Literature search strategy

The probabilistic cuing task has been given different names in the literature, and it is difficult to find a small set of search keywords that would ensure the retrieval of all relevant studies. Thus, the starting point of our literature search was a recent meta-analysis conducted by Vadillo et al. (2020) that gathered all the studies using the probabilistic cuing task that had been published until 10 November 2017. Given that our eligibility criteria were different from those of Vadillo et al. (2020), we inspected the method section of the 44 included and excluded papers in that meta-analysis. Thirteen papers were selected for inclusion. These 13 papers contained 23 studies that met the inclusion criteria explained above and which were included in the present meta-analysis.

To update Vadillo et al.’s (2020) literature search we adopted the same strategy. On 1 October 2020 we accessed the Web of Science to find new published studies on probabilistic cuing authored by Y. Jiang (the most prolific author regarding probabilistic cuing). Reading the titles and the abstracts of the 46 papers authored by this researcher between November 2017 and October 2020 we discarded 44. Two reports were further assessed for inclusion. Both were finally included in the meta-analysis. Then, we searched for additional papers inspecting their reference sections, and found one more article. These three additional papers contained six valid studies that were included.

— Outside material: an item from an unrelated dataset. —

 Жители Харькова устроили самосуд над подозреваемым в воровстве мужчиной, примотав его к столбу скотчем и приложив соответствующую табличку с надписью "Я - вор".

Additionally, to retrieve unpublished data (e.g., theses or preprints), we contacted all corresponding authors of the selected studies to ask them if they had unpublished data that fitted our inclusion criteria. Also, we entered each selected article into Google Scholar and examined all the references that cited these papers. Based on the titles and abstracts of 58 papers, we discarded all of them except for six, which were further assessed and included in the meta-analysis. These six articles contained 12 additional studies that were included.

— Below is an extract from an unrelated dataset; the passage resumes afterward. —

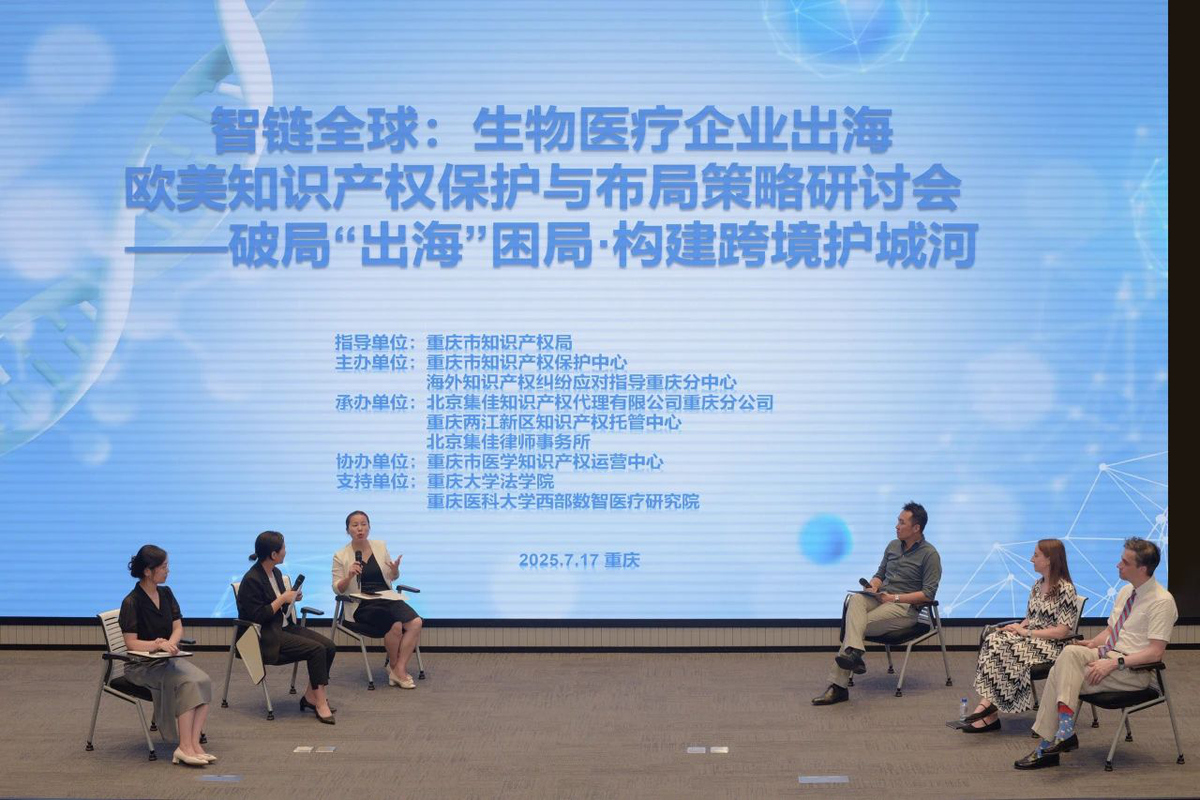 2025年7月17日,由重庆市知识产权保护中心、海外知识产权纠纷应对指导重庆分中心主办,北京集佳知识产权代理有限公司重庆分公司联合重庆两江新区知识产权托管中心、快直播共同承办的 “生物医疗企业出海欧美知识产权保护与布局策略研讨会” 在渝顺利召开。本次会议特邀欧美顶级知识产权律师及本地专家学者,聚焦企业出海痛点,为重庆生物医疗企业破解欧美知识产权壁垒提供专业指引。

Finally, we conducted an updated search via the Web of Science in April 2021, which allowed us to identify two more articles authored by Y. Jiang. Only one of these papers contained a study meeting the inclusion criteria. We also inspected the reference list of both papers, but this did not yield any additional reports with eligible studies. Thus, 42 studies pertaining to 23 articles were included in total. These articles are marked with an asterisk in the Reference list.

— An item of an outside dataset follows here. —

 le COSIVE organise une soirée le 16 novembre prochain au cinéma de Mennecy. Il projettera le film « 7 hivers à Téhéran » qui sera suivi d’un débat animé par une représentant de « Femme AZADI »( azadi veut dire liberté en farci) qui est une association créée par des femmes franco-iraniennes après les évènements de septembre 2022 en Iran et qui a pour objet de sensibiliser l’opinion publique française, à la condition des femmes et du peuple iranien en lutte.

Computation of effect size

As explained above, we were interested in comparing the bias towards the rich versus sparse region in the biased and unbiased stages. Most of the selected studies report the results of one ANOVA for the biased stage and another for the unbiased stage. Usually, these ANOVAs include a factor (e.g., quadrant) coding whether the target was presented in the rich or the sparse region. Sometimes, the authors report the results of a t-test comparing the dependent variable (search times) in the two different regions. Since all of these entail within-subject contrasts, we computed Cohen’s dz for each study for these comparisons, that is, the standardized mean difference from two related measures (Lakens, 2013). This effect size estimate can be calculated by dividing the t-value of the test comparing the rich and sparse regions by the square root of the sample size. Since F = t2 when the numerator degrees of freedom is 1, dz can also be calculated from the F-value of a within-subjects comparison (Rosenthal, 1991). The variance of dz for each study was estimated as

$$ {V}_i=\frac{1}{N_i}+\frac{d_i}{2{N}_i} $$

where Ni and di represent the sample size and the dz score of each individual study (Cumming, 2012).

All included studies contained a behavioral measure of performance. When reported, we chose reaction time as the preferred measure. Accuracy data and other dependent variables were considered instead when reaction time was not available or was not a suitable measure of performance (e.g., when presentation times of the search displays were very brief).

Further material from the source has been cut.